Clutch actuator with automatic wear compensation

Abstract

A clutch actuator transmitting a disengaging force to a clutch disengaging device of a includes an actuating element which receives the disengaging force, and a piston rod for transmitting the disengaging force from the actuating element to the disengaging device. The piston rod bears against an actuating element connection region such that the piston rod is movable towards the connection region by the reaction force of the clutch. The positioning of the connection region and the piston rod relative to each other due to the movement can be fixed by applying the disengaging force to the actuating element. The actuating element at least partly deflects the disengaging force, producing a normal force and/or a radial force acting between the connection region and the piston rod. The normal force and/or the radial force fixes the position of the connection region and the piston rod relative to each other.

Claims

1. A clutch actuator for transmitting a disengaging force to a disengaging device of a clutch, comprising: an actuating element that is subjected to the disengaging force; and a piston rod for transmitting the disengaging force from the actuating element to the disengaging device, wherein the piston rod is mounted against a connecting region of the actuating element so that the piston rod is movable against the connecting region by a clutch reaction force of the clutch, the positioning of the connecting region and the piston rod relative to one another is fixed during application of the disengaging force, the actuating element is configured for the at least partial deflection of the disengaging force into a normal force and/or radial force that is effective between the connecting region and the piston rod, wherein said normal force and/or radial force fixes the positioning of the connecting region and the piston rod relative to one another.

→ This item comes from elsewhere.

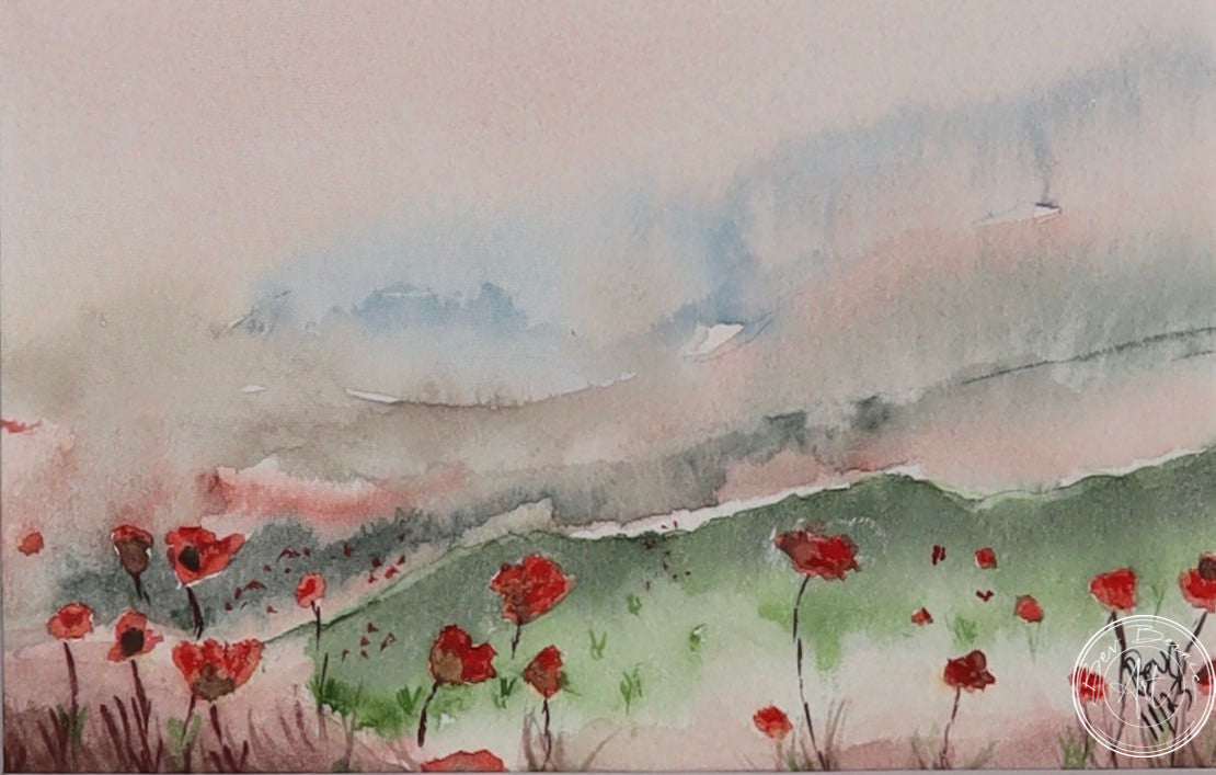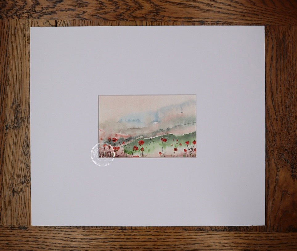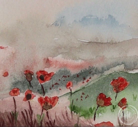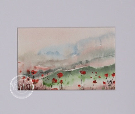 This delicate watercolour painting showcases a serene landscape of vibrant red poppies scattered across a lush green field, gently blending into soft, misty hills in the background. The atmospheric effect created by the fog and the pale sky adds a dreamlike quality to the piece, evoking feelings of peace and calm. Each poppy is meticulously painted with shades of red, capturing their fragility and beauty.

2. The clutch actuator as claimed in claim 1, an outer circumference of the piston rod is slideable against an inner circumference of the connecting region.

3. The clutch actuator as claimed in claim 2, wherein the piston rod has an external transmission thread, which engages in an internal transmission thread on the connecting region.

4. The clutch actuator as claimed in claim 1, wherein the piston rod has an external transmission thread, which engages in an internal transmission thread on the connecting region.

5. The clutch actuator as claimed in claim 1, further comprising: a preload force device for exerting a preload force that is effective between the piston rod and the actuating element, said preload force counteracting the clutch reaction force of the clutch, is provided.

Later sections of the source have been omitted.